To the best of our knowledge, we have the largest lung eQTL dataset available (n = 1038). Replication of our results was attempted in a smaller lung eQTL set from GTEx (n = 278). It should also be mentioned that concerns were raised about the lung transcriptome data in GTEx. Indeed, extensive heterogeneity in gene expression variation was observed in this dataset, mostly due to sampling location in the lung and treatment-related changes (e.g. mechanical ventilation) (27). Considering the differences in sample size and lung tissue processing between our lung eQTL study and the GTEx lung eQTL, we were not expecting to be able to fully validate our results. Despite these differences, we were able to replicate approximately 60% of candidate causal genes highlighted with our lung eQTL dataset.

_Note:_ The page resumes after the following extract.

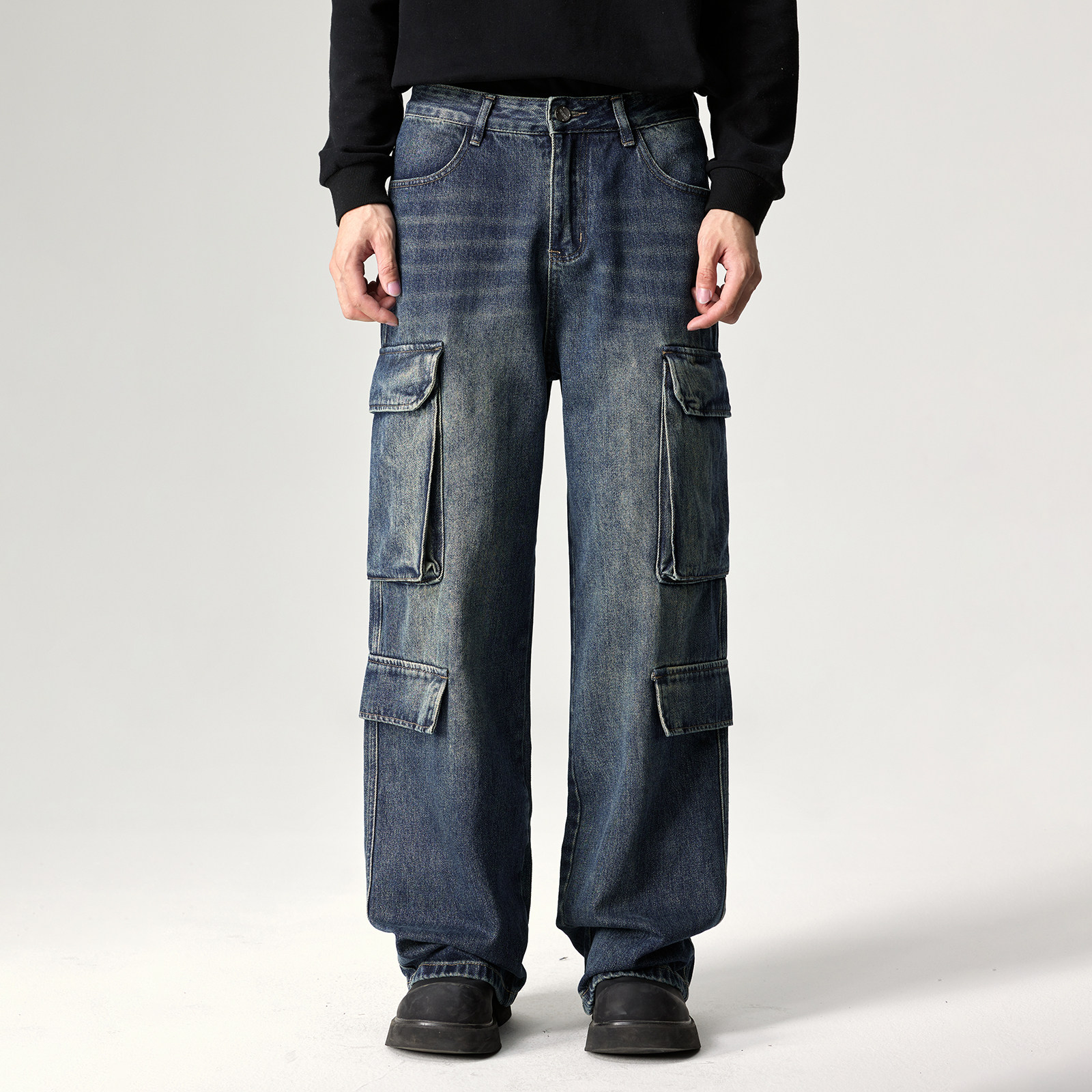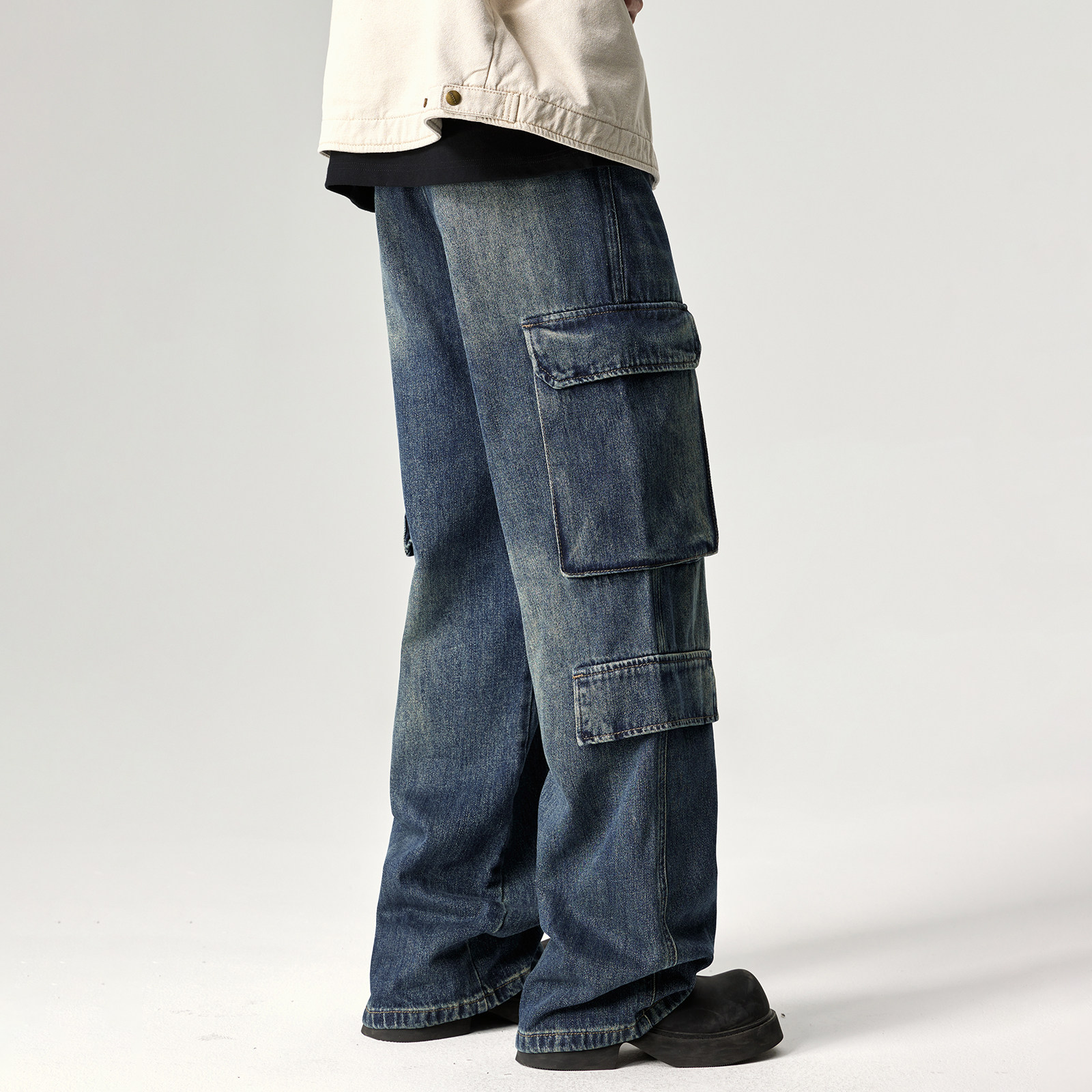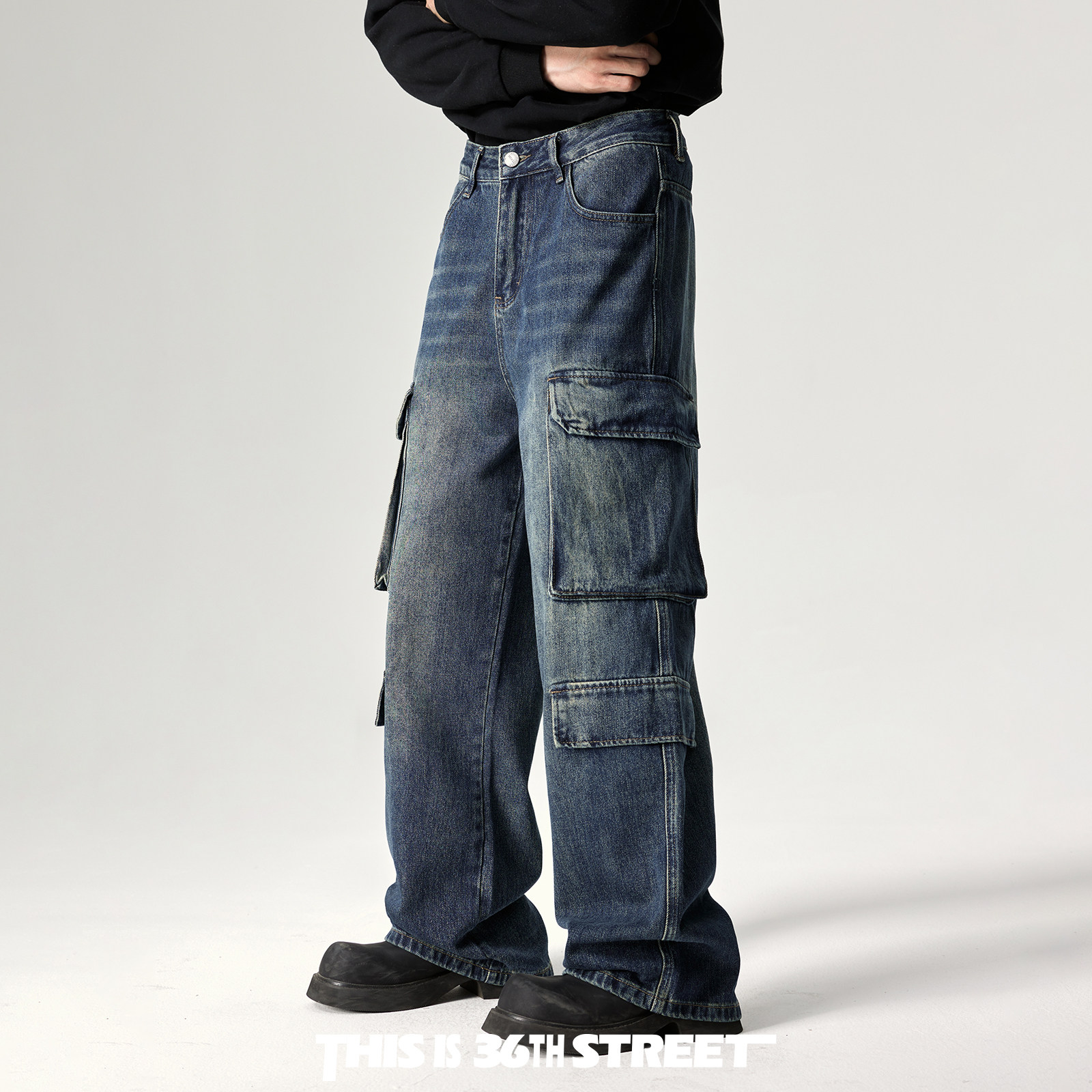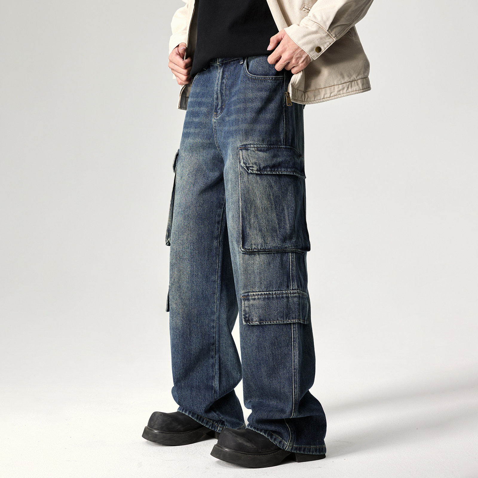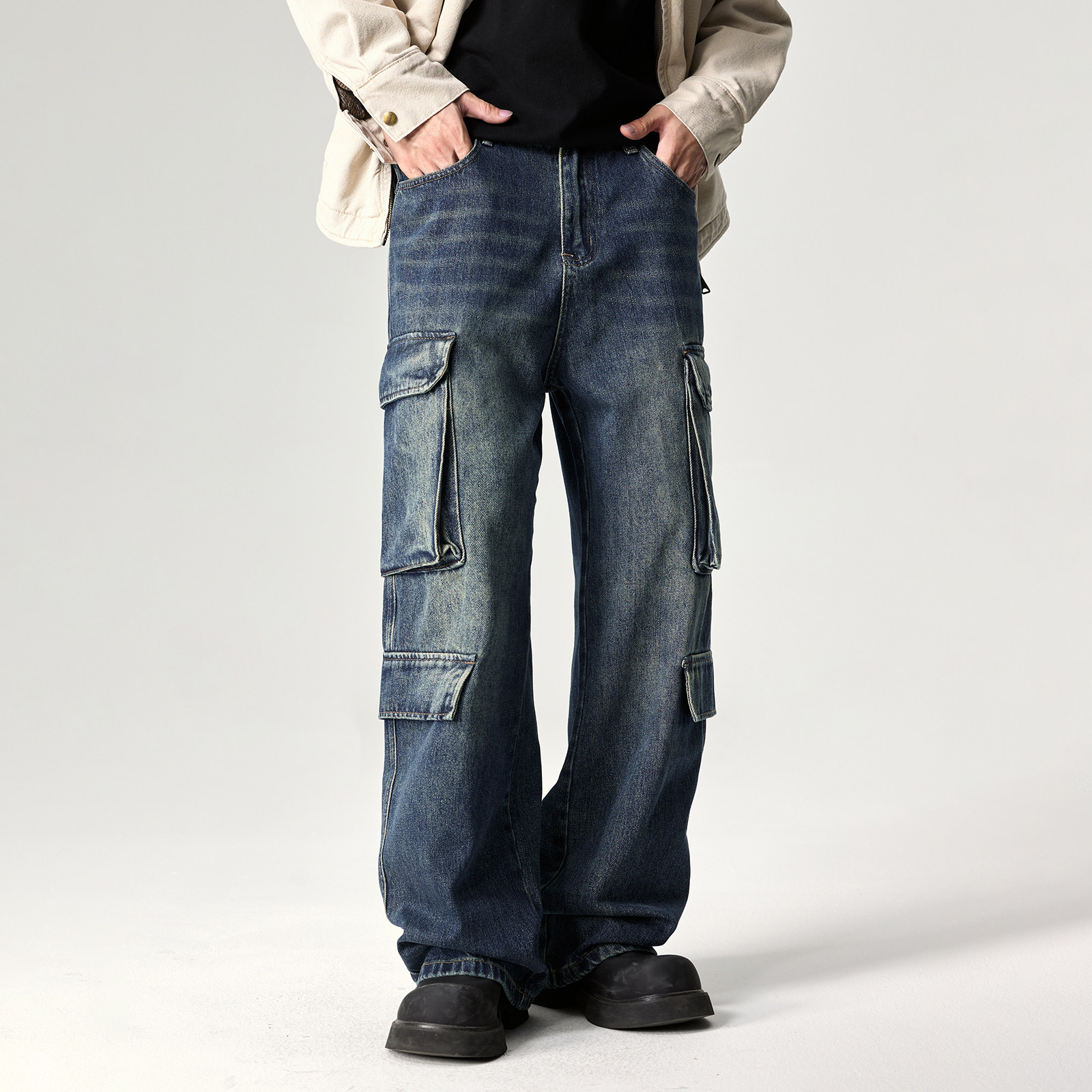 📚 美式重磅水洗做旧工装牛仔裤男宽松多口袋休闲裤高街潮牌阔腿裤子
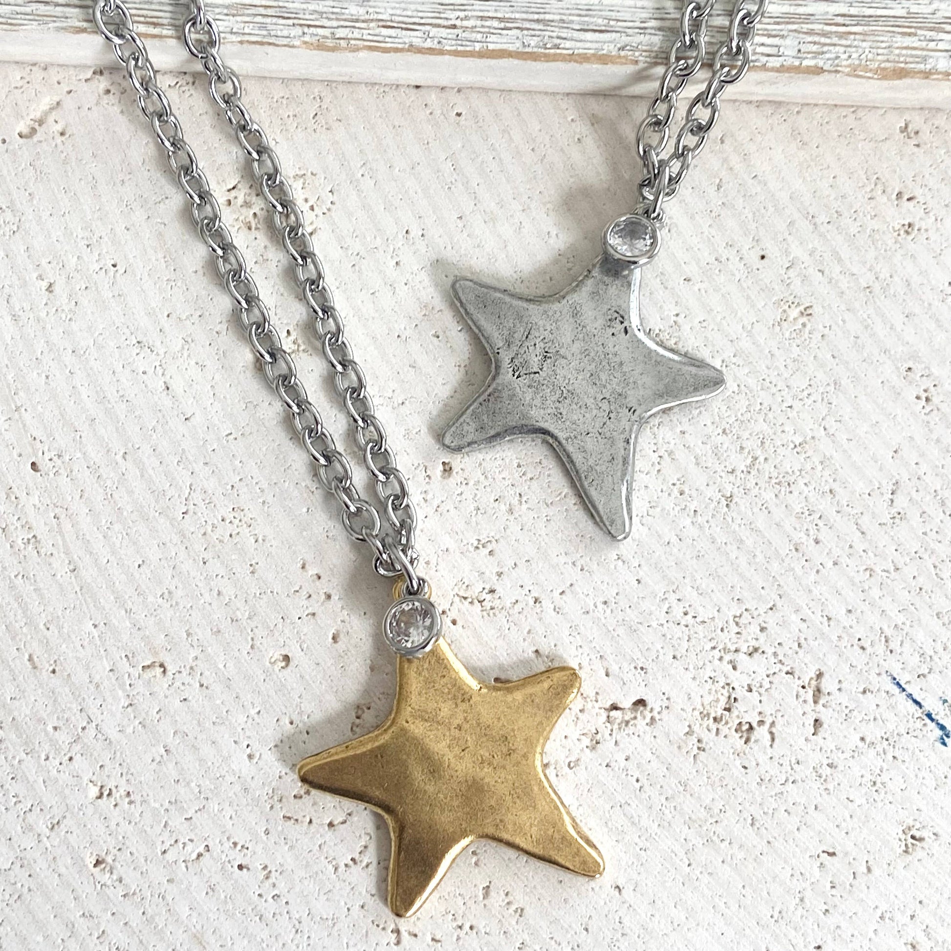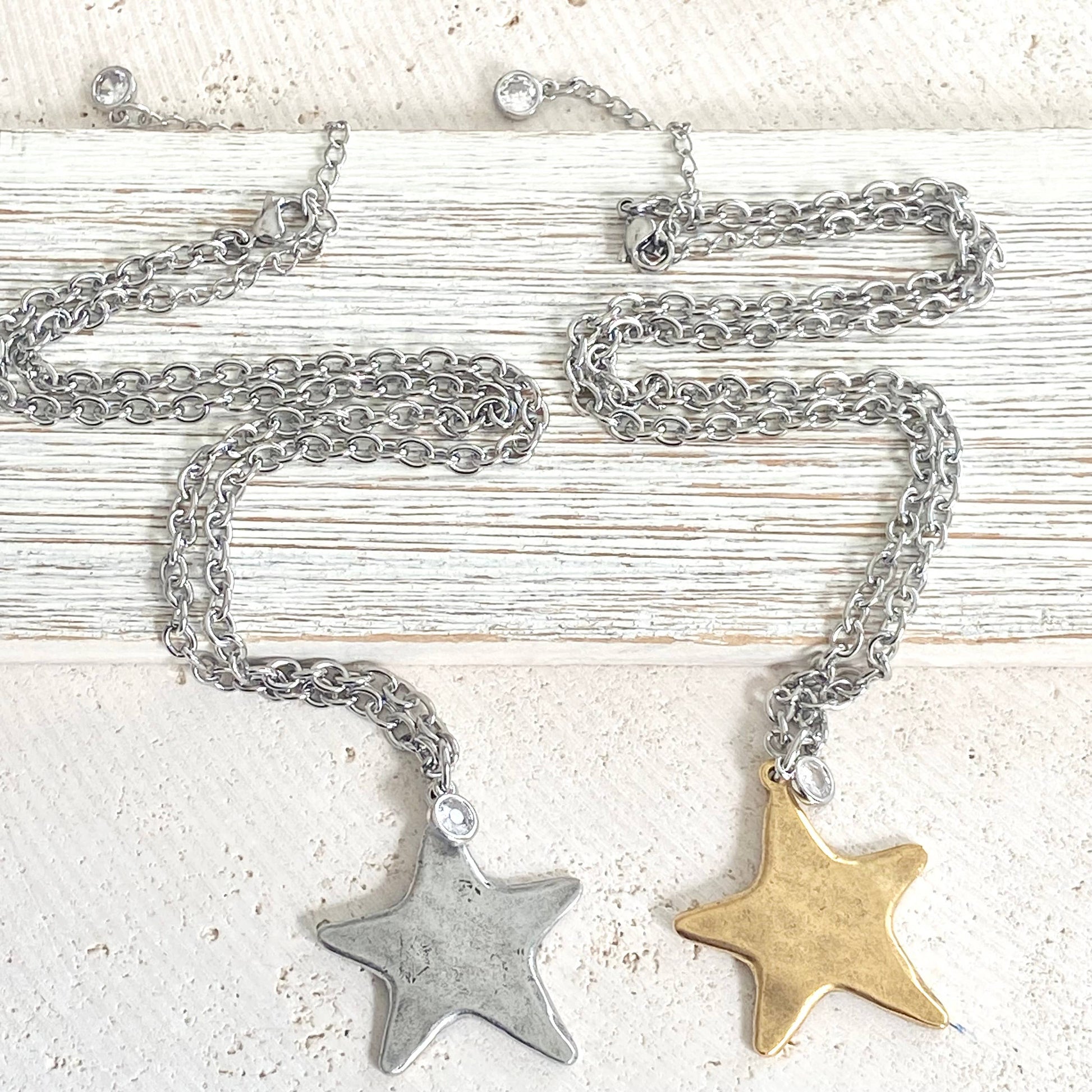 These star necklaces are fun to wear and edgy Glam. They are hand casted, and approximately 32”there is a cute dangling clear 6mm crystal charm. The chain is adjustable up to 17-20 inches. It is a non-tarnishing stainless steel. Choose your color

For many COPD risk loci, the most likely causal genes were not identified with the current data and will require further investigation. This is consistent with the lower than expected number of variants that colocalized between GWAS on glucose- and insulin-related traits and eQTL in human pancreatic islets and 44 different tissues in the GTEx portal (28). In many cases, the biological mechanisms underlying GWAS loci will not be mediated by eQTL. In this study, we used the most disease-relevant tissue to study COPD, but unavoidably we may have missed gene regulation processes that are specific to other tissues. There is a scope in future studies to investigate other tissues. Studying the whole lung transcriptome of patients undergoing surgery, does not allow to find eQTL specific to a disease-relevant cell type or eQTL that are context dependent, i.e. observed at certain stages of life or disease. It must be emphasized that the results from integrative approaches will require experimental work to confirm the role of identified genes in COPD. In addition, for some COPD-risk loci, our results implicate more than one candidate causal gene and further research is needed to explore multiple causal genes in a single locus.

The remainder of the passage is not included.